I did it again. I felt her start to writhe. Then her hands were on the back of my head. Holding me in place.

Fuck.

I noticed Casteel's hand reaching up and cupping her breast. Had been aware that I had scented her? Had he seen me do it? I actually hoped he had. Hoped he knew how much she was desired by me.

She writhed against me again. Fuck this was hot. The feel of her. The utter perfection.

I sucked her into my mouth again, working her clit with flicks and licks of my tongue.

The taste of her. The feel of the notum stretched taut between us. The knowledge that she could yield.

Fuck I needed more. I moved my hand to her and slid in finger.

"Kieran," her breathy voice shot into my mind.

But my brain was foggy. I couldn't think straight. The sheer feel of her hot, slick heat. It was maddening.

"Oh gods Poppy, you're so fucking wet". Was all I could think to reply.

It was all my brain could think. She was soaked.

I plunged my finger in deeper. Licking and sucking as I did.

I could feel her legs start to tremble. Her muscles tighten on my finger.

My cock was so hard it was painful. I tried to adjust myself. But it wasn't enough.

Was she going to come? Gods I wanted it. More than I'd ever wanted anything before. Had it been like this with Elashya? It must have. There had been passion between us. Desire. I had loved her deeply. But...she had never yielded to me. The realisation of that fact sent my mind spinning.

I'd only ever felt it once before from a pretty girl I'd met at a summer party. We'd instantly hit it off. She was from a pack to the north. Her father was the head of their particular pack. When we started exploring each other, I had felt the pull then. Nowhere near as keenly as this, but it was there. I'd spoken to my father about it and he shrugged it off, as not a big deal. That it can happen. especially between strong pairs.

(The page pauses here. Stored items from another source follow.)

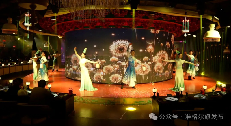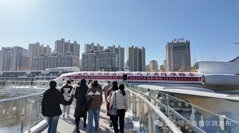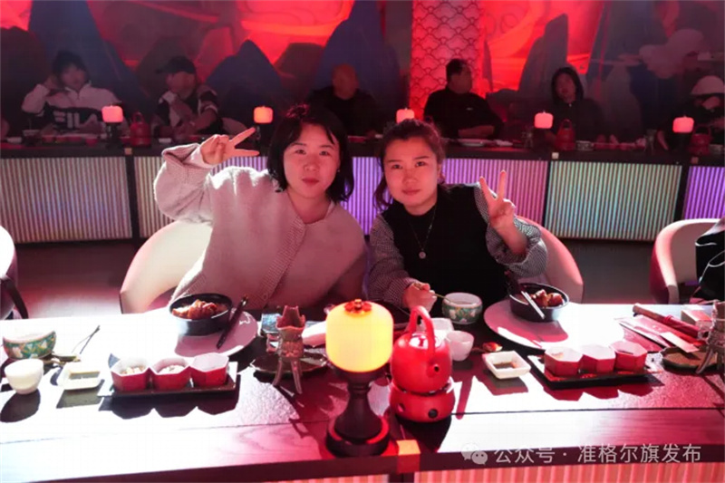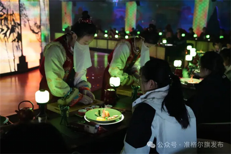 11点,代表们移步湾Night街区的军民融合会客厅,眺望塔哈拉川水域上空的飞机英姿。“黄河南北,准格尔最美”——这句标语被代表们反复吟诵,也将准格尔的秀丽风光镌刻在每个人心中。随后,大家走进“准格尔之眼·城市文化会客厅”,品尝地道“美稷宴”。芥末罗氏虾弹嫩鲜美,山珍走地鸡汤馥郁醇厚,谷饲和牛肉入口即化。更令人惊喜的是,每道菜上桌时,盘上投影会娓娓道来菜品背后的故事,为美食增添文化意趣。
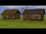 V1.30 A collection of rustic houses with thatch or shingle roofs and stone or earth walls. Each mode...
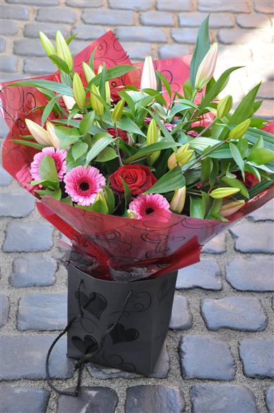 Pink Gerber red roses and pink Lillys with foliage make a lovely combination.
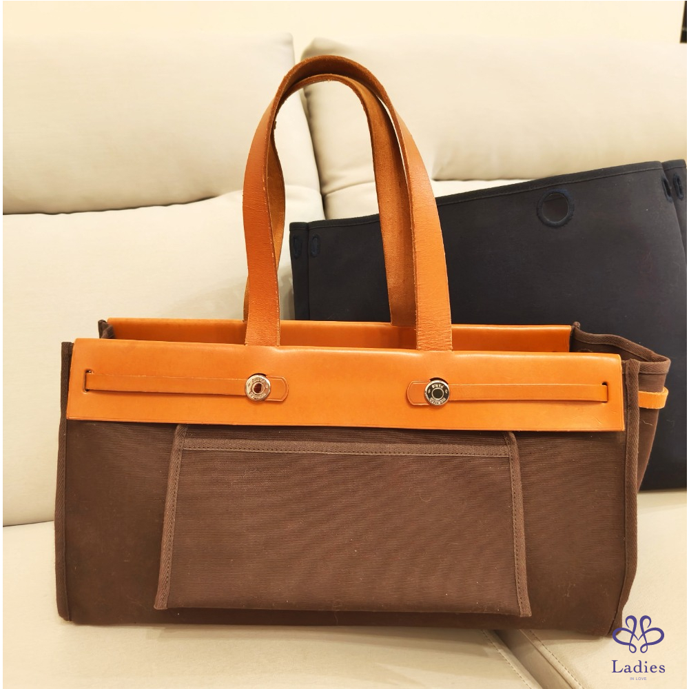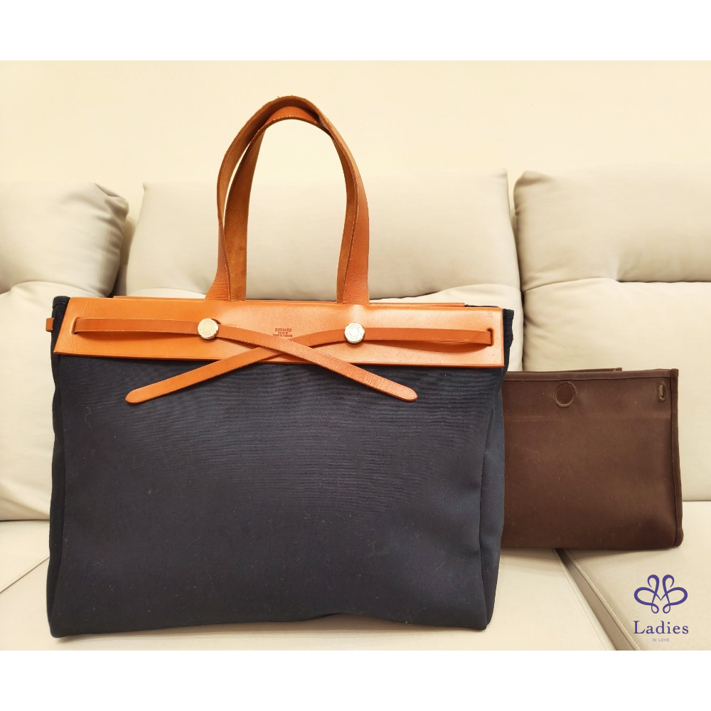 產品信息 A004070 ❤️很有學院風感覺的愛馬仕HERBAG🐎而且這只是橫版的喔 市場上較為少見 手提或單肩都可😆小白入門的包款喔! ✅手提把有使用痕跡,介意的人請至專櫃購買 #F刻印 #9成新 #有替換袋 #尺寸:40 x 15x 16cm #藍色大包內有一暗格 🎁附件:防塵袋,紙袋 #售出不退 #實品拍攝
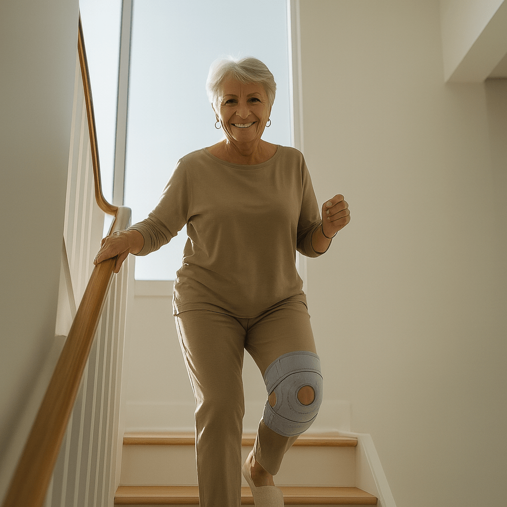 "After my accident, I used to dread going upstairs, always holding on to the railing because I thought my knee would give out. With this brace, I feel steady and supported. It’s the first time in years I’ve walked up without fear."
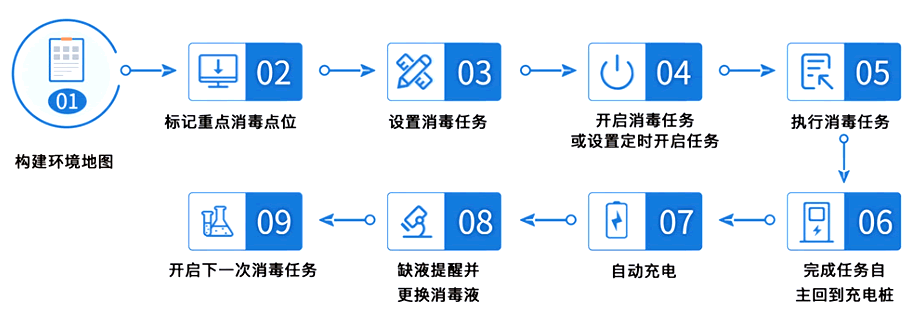 機(jī)器人消毒相比人工具有無(wú)需人工值守、360°消毒不留死角、自動(dòng)生成消殺日志等優(yōu)勢(shì)。消殺結(jié)束后自主回樁充電,實(shí)現(xiàn)消毒工作全程智能操作,人機(jī)分離,減少接觸,更無(wú)需擔(dān)心交叉感染,為疫情防控增添了一道科技風(fēng)景線。
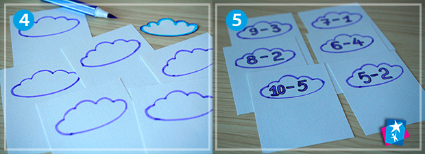 Після наведення контуру хмари у верхній частині кожної картки, запишіть всередині приклад на віднімання (див. мал. 5).
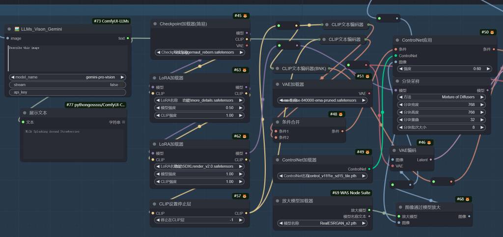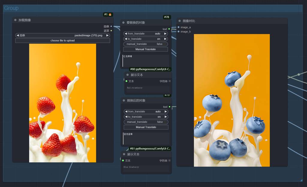 这个组定义了输入的图像,同时加入图像对比,便于观察效果。输入节点,加入了翻译,使用中文输入即可。
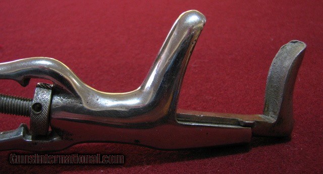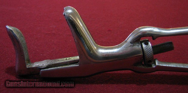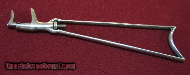 Description: Vintage skeleton pistol stock. Unmarked and not sure exactly what it was made for. 14 3/4" overall length. Buttstock is 3 1/2" wide. Nickel plated steel. Pretty neat and probably fairly universal. SOLD |
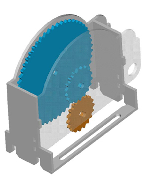 The carry mechanism works on only two adjacent product rods at a time. A gear train with a 3:1 reduction ratio engages racks on the tops of the product rods. As the lower order product rod slides by three units in one direction, the other higher order product rod slides one unit in the other direction. A three-unit long slot in the frame of the carry mechanism serves to guide the motion of the lower order product rod. This carry operation would have to be performed several times during the course of a lengthy calculation.
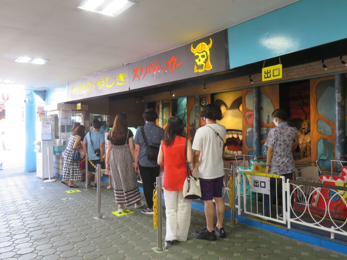 「スリラーカー」では、ワゴンに乗ってお化けやしきに突入します。
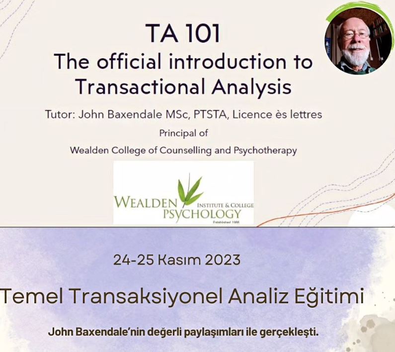 24-25 Kasım 2023 tarihinde TA Derneği ve Walden Psychology Institute & College işbirliği ile düzenlenen “TA101 Temel Transaksiyonel Analiz” eğitimi John Baxendale’in değerli paylaşımları ile gerçekleşti. […]
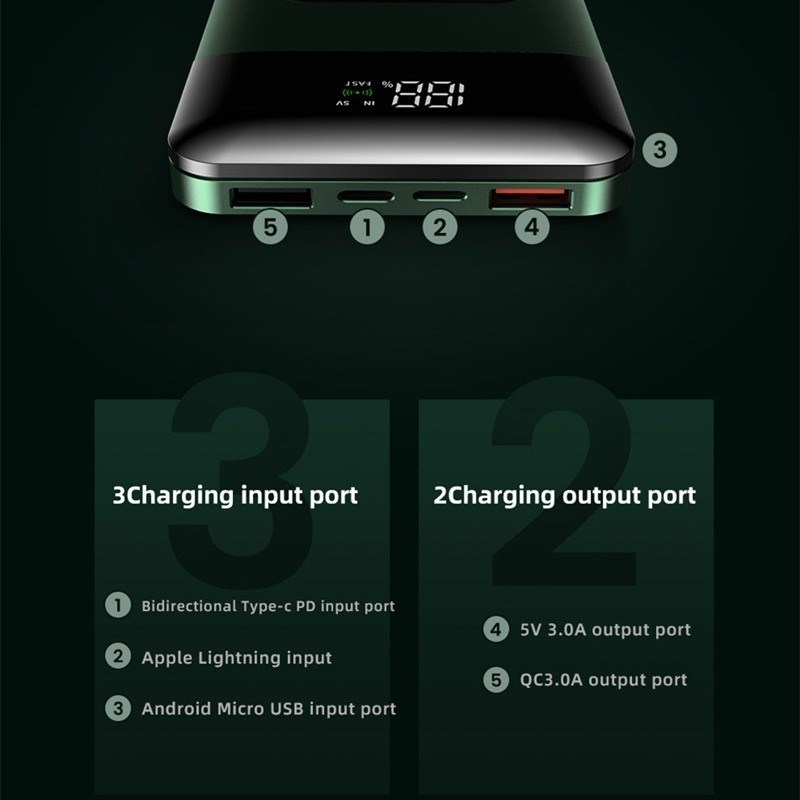 Schnelles laden für unterwegs mit unserer neuen Wireless Alu Powerbank! Diese Powerbank hat eine hochwertige Alu Hülle und 10‘000 mAh Polymer Batterie. Sie können ihr Handy einfach auf die Schwarze Fläche Legen und per Fast-Charging* laden (bis zu 22.5 Watt Kabelgebunden & 15 Watt Wireless).Mit bis zu 22.5 Watt Kabelgebunden & 15 Watt Kabellos laden.Gewicht: 383 GrammAnschlüsse:2 x USB-A1 x USB-C1 x Lightning
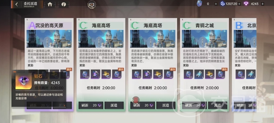 钻石是游戏中一种非常珍稀的货币资源,通常只能通过参与活动或充值获得,它是抽卡和在商店购买物品时最常用的货币之一,因此建议玩家优先参与A级任务,以获取更多的钻石和其他丰厚奖励,由于每天参与派遣的次数和时间都有限,如果当前没有出现A级任务,玩家可以消耗道具来刷新任务列表,此外为了方便玩家,系统还提供了一键选人的功能,玩家可以利用这个功能快速组建阵容并直接派遣角色执行任务,只需点击“出发”即可完成派遣。
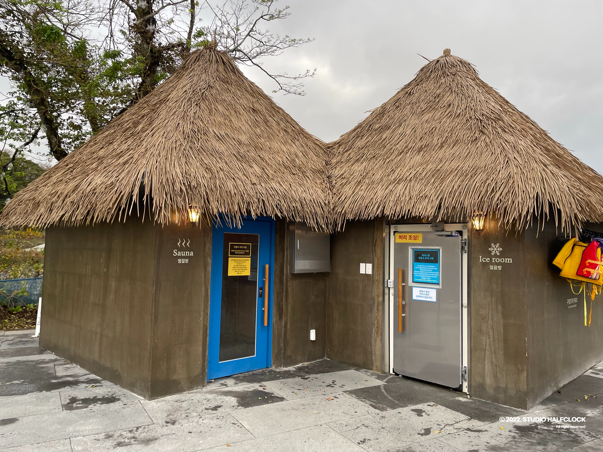 사우나 개인적으로 너무 좋았다. 사람이 많으면 좀 비좁을 수 있을 듯하다. 생각보다 내부가 작다. 겨울 온수풀 수영후 이동할 때 너무 추우니 잠깐 들러서 몸을 녹이기에 정말 좋다. 있다보면 물기가 다 마르니까 덜춥다. 다리를 건너야만 실외 수영장에 도착하기 때문에 투숙객들은 대부분 그냥 수영복에 가운만 입고 후다닥 실외 수영장으로 향한다. 역시 실외 수영장 도착해서 또 수영복으로 갈아입기 귀찮아하는 건 다들 같은 마음인 듯 하다.

Pulling me from my churning thoughts, I felt her squirming against me. Urging me. So I plunged my finger a bit quicker. Faster. A bit harder. She was so unbelievably tight. So mind meltingly wet. I wanted her to shatter apart. Needed her.

"Poppy, please come for me." I begged into her mind. "Oh gods"

She was practically riding my face now and I fucking loved it.

Then her whole body stilled, went rigid. Her grip on the back of my head tightened. Her inner muscles flexed. She gasped. I contuined sucking and wrung every last drop out of her.

She started to shake. Her legs giving in.